These days, through the New York Roots Music Association—NYRMA for short—Prisco has been the front man for “The Elvis Show,” Long Island’s longest-running Elvis tribute and charity event, which has raised more than $50,000 for food pantries over two decades. For the last three years in a row, they’ve sold out the YMCA Boulton Center for the Performing Arts in Bay Shore.
Prisco got the idea for the first show when he realized that his rockabilly trio was going to be playing on Elvis’ Jan. 8th birthday.
“We had a lot of friends who’d come down to see us—friends from other bands—and I always enjoyed having people come up on stage,” he says. “So that night I spread the word around that ‘Hey, we’re going to do a bunch of Elvis stuff, so come on down and come up and sing a song.’”
It clicked, and the next year he decided to ask people to bring canned food to donate to local pantries for the hungry and homeless. And so the event grew from a little bar in Huntington to where it is today—with a hiatus in the ’90s—and it’s been going strong eight years in a row with dozens of performers. But it was always about Elvis and his songs. The cardinal rule, Prisco said, was: “No Elvis impersonators!” He understands that some fans fixate on the “whole mythology and campiness and that whole insane side” of the Elvis image, and that “the impersonators play into that,” but, for Prisco and his peers, it’s about being “true to the vibe.”
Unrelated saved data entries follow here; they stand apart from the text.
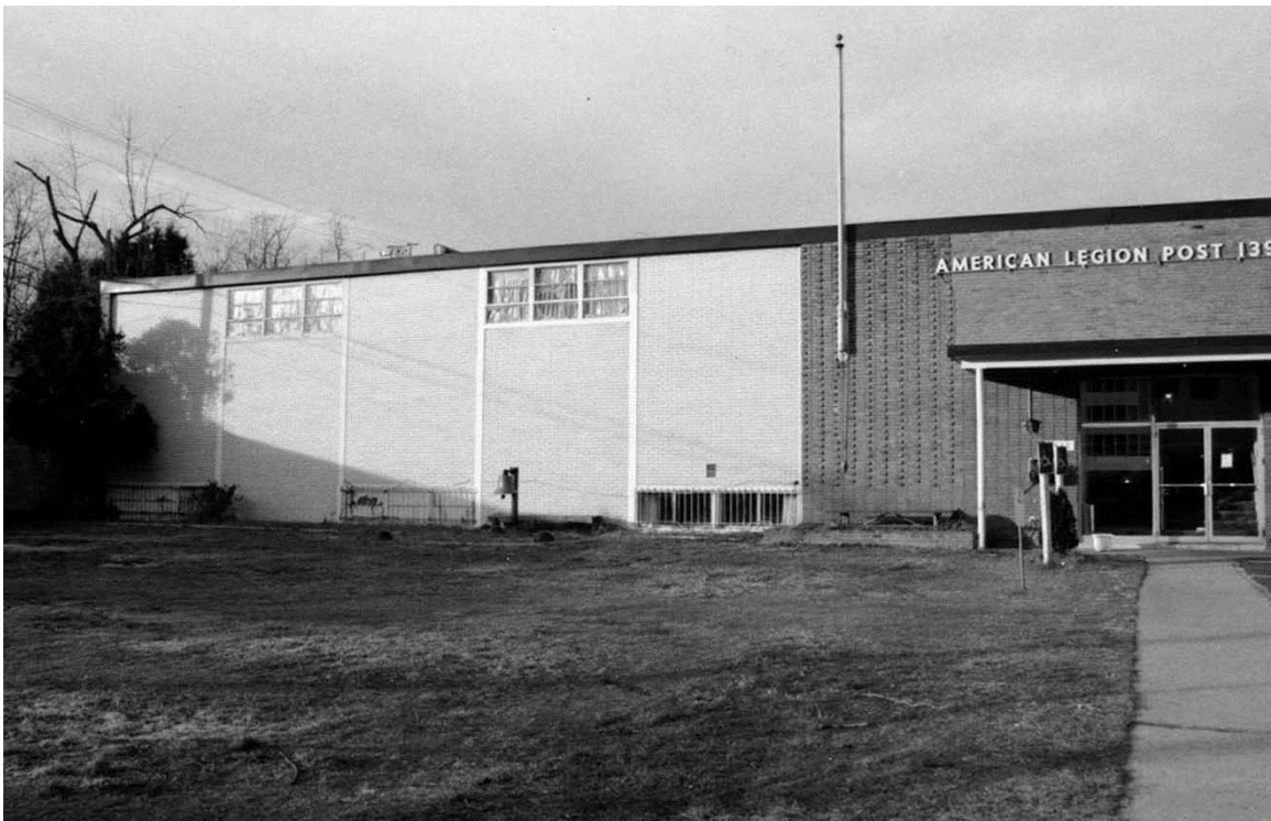
Figure 31: American Legion Post 139, 3445 Washington Boulevard (000-8362)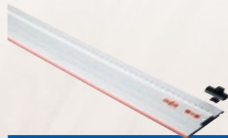
Guide rail LR Designation Length Order No. F 80-LR 0.80 m 207600 F 160-LR 1.60 m 207601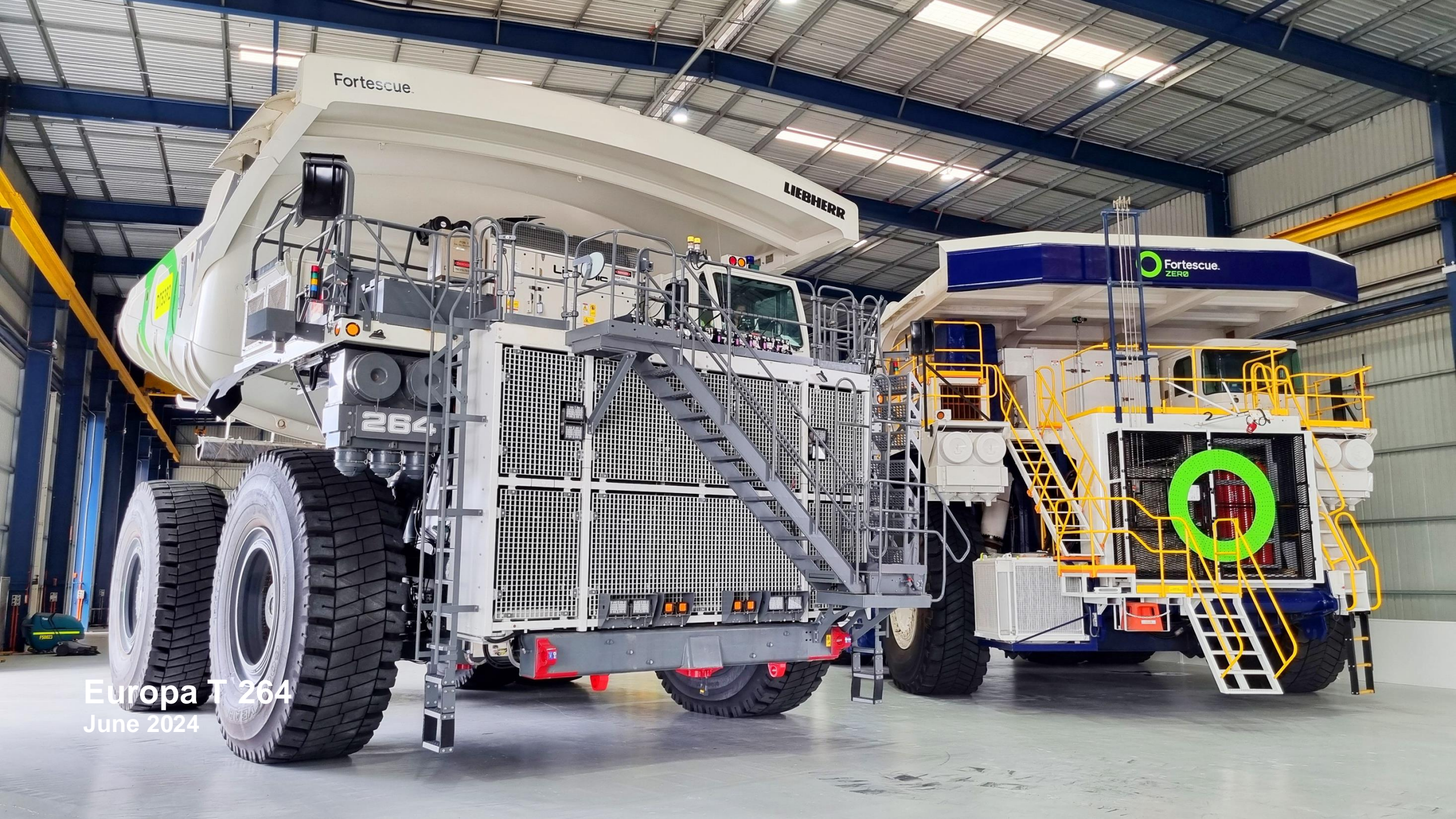
Europa T 264 June 2024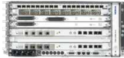
Nokia FX-4 Starter Kit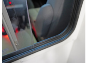
Improved Bulkhead Talk-Through: Double sealing for rattle-free performance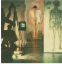
35. Lucas Samaras American, born Greece, 1936 Photo-Transformation , July 6, 1975

Polaroid SX-70 print Image: 7.6 x 7.6 cm (3 x 3 in.) The J. Paul Getty Museum, Los Angeles © Lucas Samaras 98.XM.20.5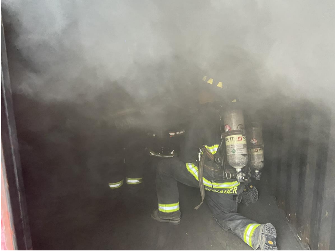
Figure 5 Making Entry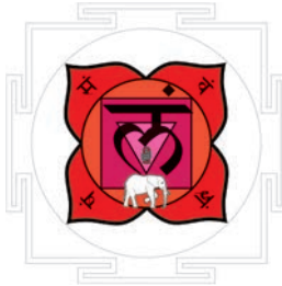
Muladhara (Church of Ephesus)

the brain) is controlled by Neptune. There is an intimate correlation between these two glands, and the Kundalini must connect them with the sacred fire in order to achieve the profound realization.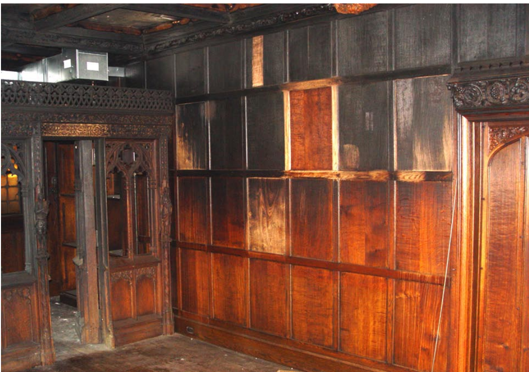
Tests proved that charred flat surfaces, such as the damaged wainscot above, can be scraped, toned and coated to match undamaged original oak.

I received calls the day after the fire from Stacy Rusch, the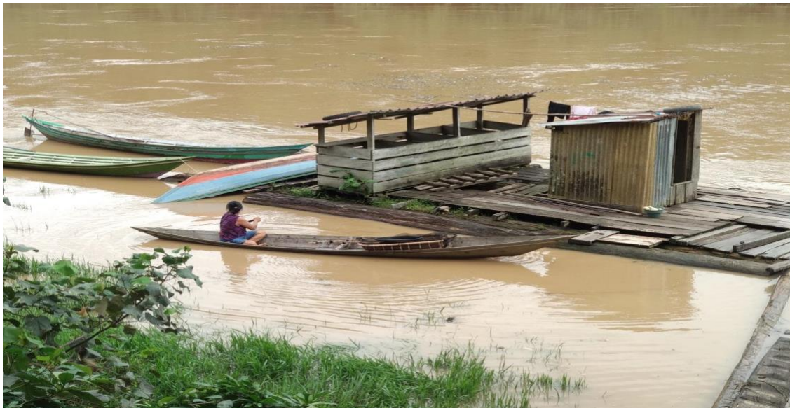
Figure 11 A lanting on the Lalang River

No matter how his career was going on stage, Elvis always had his standards, according to his wife, Priscilla Presley, who divorced him in October 1973. As she wrote in her memoir, he “couldn’t abide singers who were, in his words, ‘all technique and no emotional feeling,’ and in this category he firmly placed Mel Torme and Robert Goulet. They were both responsible for two television sets being blown away with a .357 Magnum.”
The recent NYRMA event in January delved into Elvis’ “deep catalogue and some odd-ball stuff,” Prisco says, but the music could stand on its own. “I think if you didn’t know it was an Elvis show, you would still have enjoyed it because of the level of the performances and the musicianship.”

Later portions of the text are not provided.